Agree, there are thousands living under the radar ALL the time, also quite a few wanted criminals too. Our Norwegian friends stay Nov to March every year and do nothing. I remember getting my hand slapped on here because I said we hadn't registered when we stayed 5 months. Not just the registering I would be worried about getting into a complicated tax situation. If your EHIC card is valid the hospital doesn't ask residency questions.

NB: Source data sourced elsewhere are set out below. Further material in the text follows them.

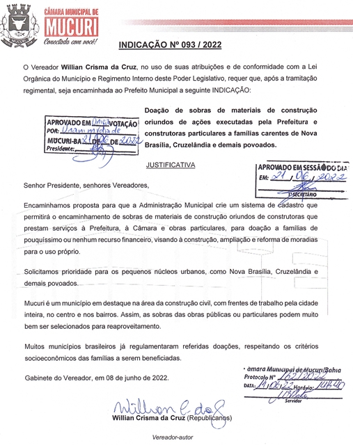 INDICAÇÃO Nº 093/2022
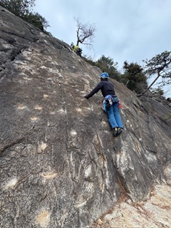 午前中は、妙号岩でロープワークを中心にマルチピッチクライミングと懸垂下降の練習です。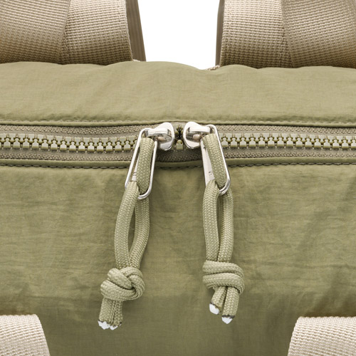 メイン開口部には、引っかかりが少なくスムーズに開閉できる軽量で丈夫な樹脂製のファスナーを採用。ファスナーを本体生地と同系色にすることで、デザイン性を損なうことなく、統一感のあるすっきりとした見た目に仕上げています。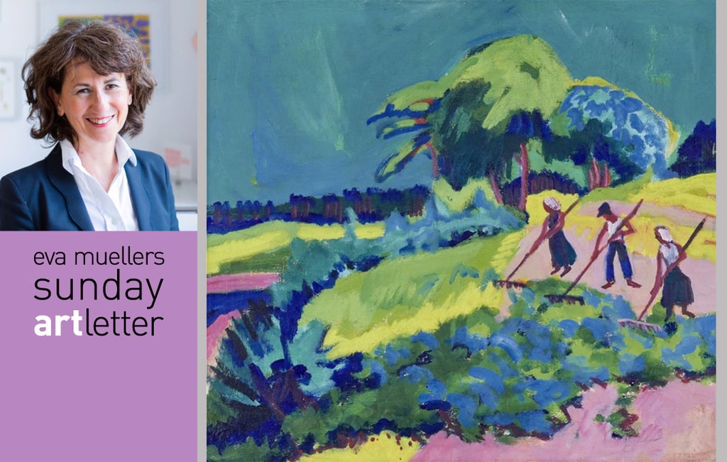Abb. im Header: Landschaft im Gras mit rechenden Bauern von Ernst Ludwig Kirchner, 1924-26, Öl auf Leinwand, Privatbesitz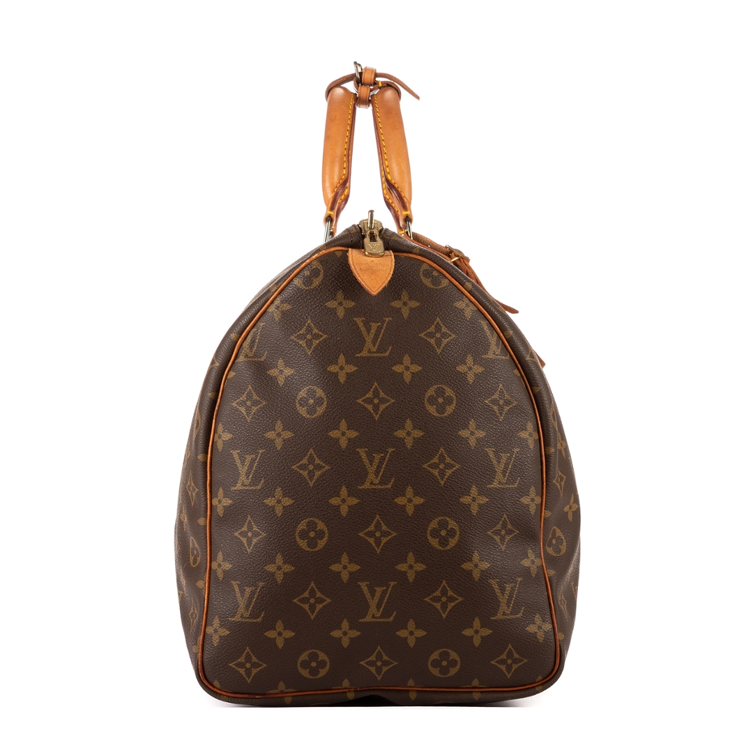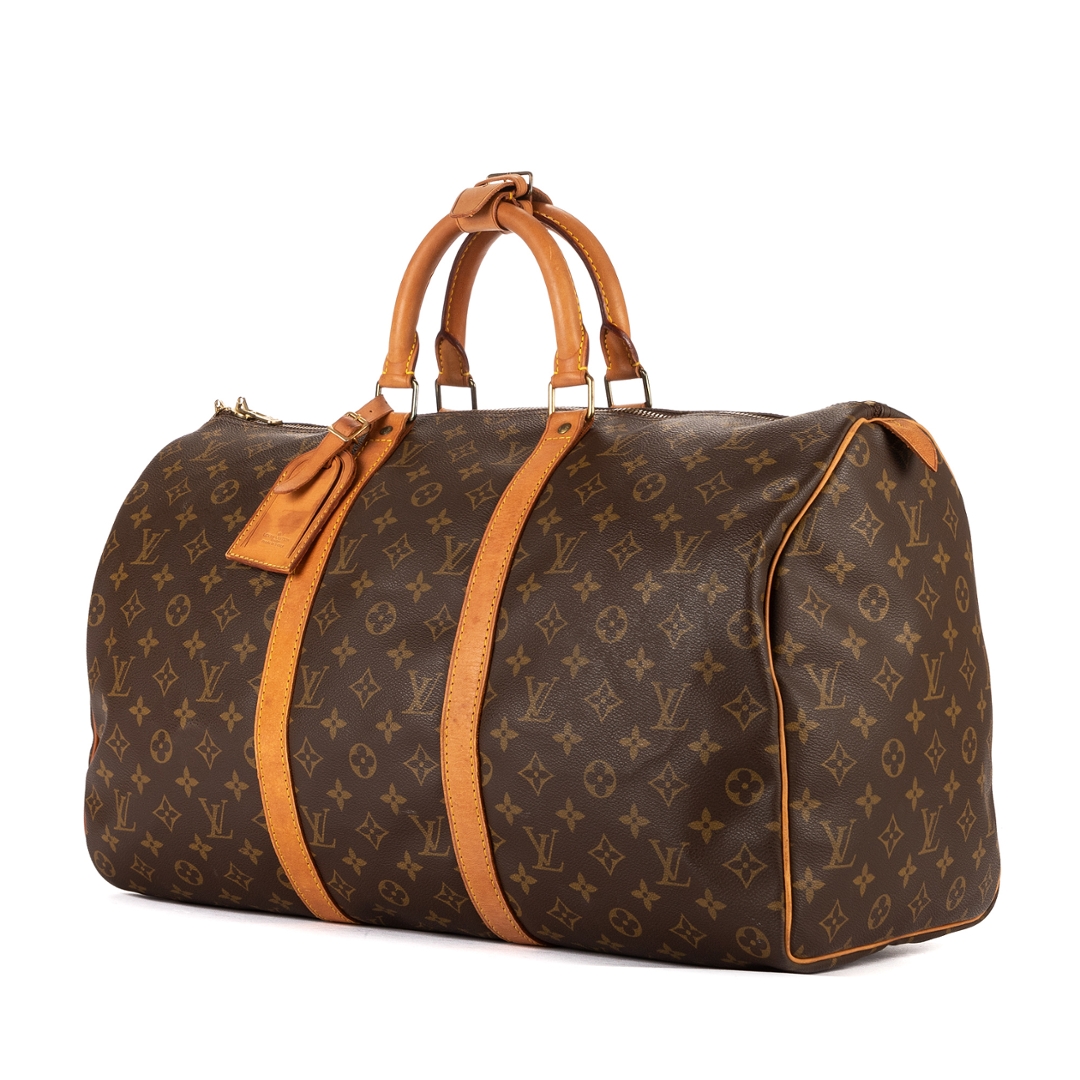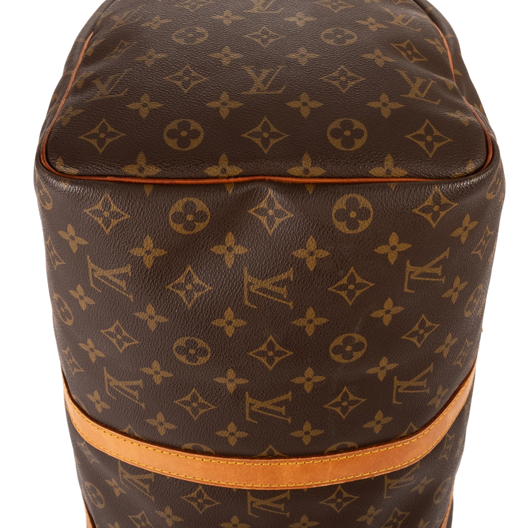 A vintage Louis Vuitton monogram coated canvas Keepall bag with a certificate of authenticity. Approximately 26cm height, 50cm width.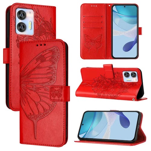 Funda de Cuero para Oukitel C36 y C35 con Mariposa en Relieve (Rojo)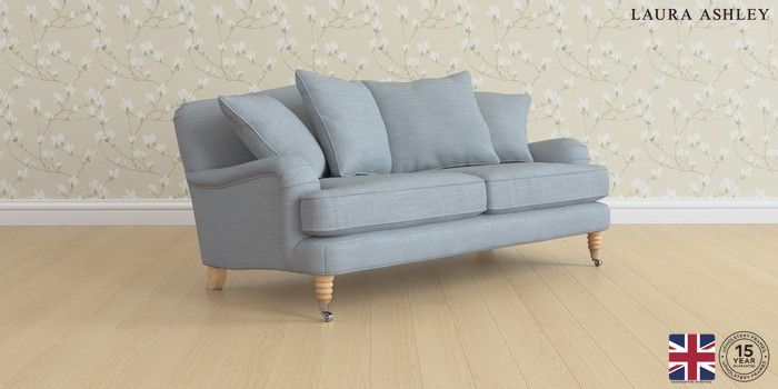 6.12.1 Buy Lynden Scatter Back by Laura Ashley 3 Seater Small Sofa Kinsham Seaspray Blue Ornate Chrome Castor - Light Oak from the Next UK online shop Click here to use our accessible website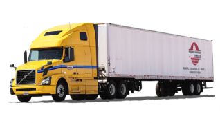 Bilde av et Volvo trekkvogn med tilhenger. Førerhuset er gult.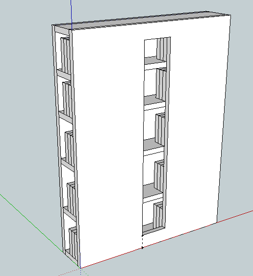 Ah Ben ça avance bien ! Par contre les étagères j'aurais mis le fil du bois dans l'autre sens ! Vu que c'est des lames de sapins collés à plat cela à tendance à casser ! Mais bon tu verra à l'usage !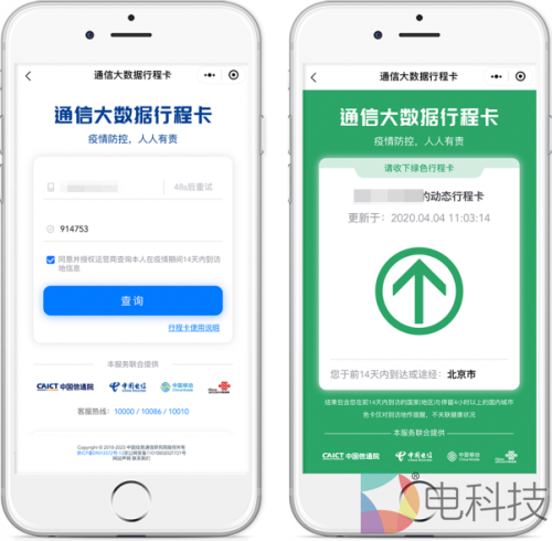 “通信大数据行程卡App”(简称“行程卡”)是在工信部指导下,由中国信息通信研究院与中国电信、中国移动、中国联通三大电信运营商共同推出的行程查询服务,该服务于2020年2月13日面向公众推出,用户可免费查询本人14天内的到访地。上线仅一个多月累计查询量已经超过8.5亿次。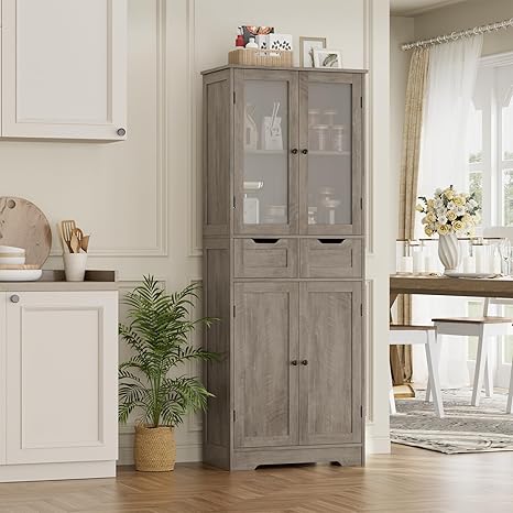 HOSTACK 64" Storage Cabinet, Tall Kitchen Pantry Cabinet, Modern Bathroom Storage Cabinet with Shelves | Drawers and Glass Doors, Free Standing Linen Cabinet Cupboard for Dining Room, Ash Grey

Anyway the OP knows the rules, up to him what he chooses to do.


----------



## JimmyLocksDad (Nov 2, 2017)

Totally agree Isobella, I also think that the authorities have bigger and more serious things to look at than someone staying an extra month or two in Spain and spending their money boosting the local economy. But we must remember that some people are so self righteous and law abiding that they'd actually be tempted to report themselves if they accidentally found themselves driving 33 in a 30kph limit


----------



## Alcalaina (Aug 6, 2010)

If you have bought your return tickets and can clearly demonstrate you have no intention of making Spain your permanent home, I would not lose any sleep over staying an extra month. It's the spirit, rather than the letter, of the law that counts in this case.


----------



## Rabbitcat (Aug 31, 2014)

Go on, live on the wild side .

Risk 4 weeks without registering........

Do you feel lucky.....


----------



## Horlics (Sep 27, 2011)

Rabbitcat said:


> Go on, live on the wild side .
> 
> Risk 4 weeks without registering........
> 
> Do you feel lucky.....


I know what you mean 

But, my only caution would be about the validity of the EHIC. Yes, if in the 4th month of your by-then illegal visit, you were to walk into a clinic with a cut finger and have a few stitches put in, then yes, they'd accept your card and ask no questions.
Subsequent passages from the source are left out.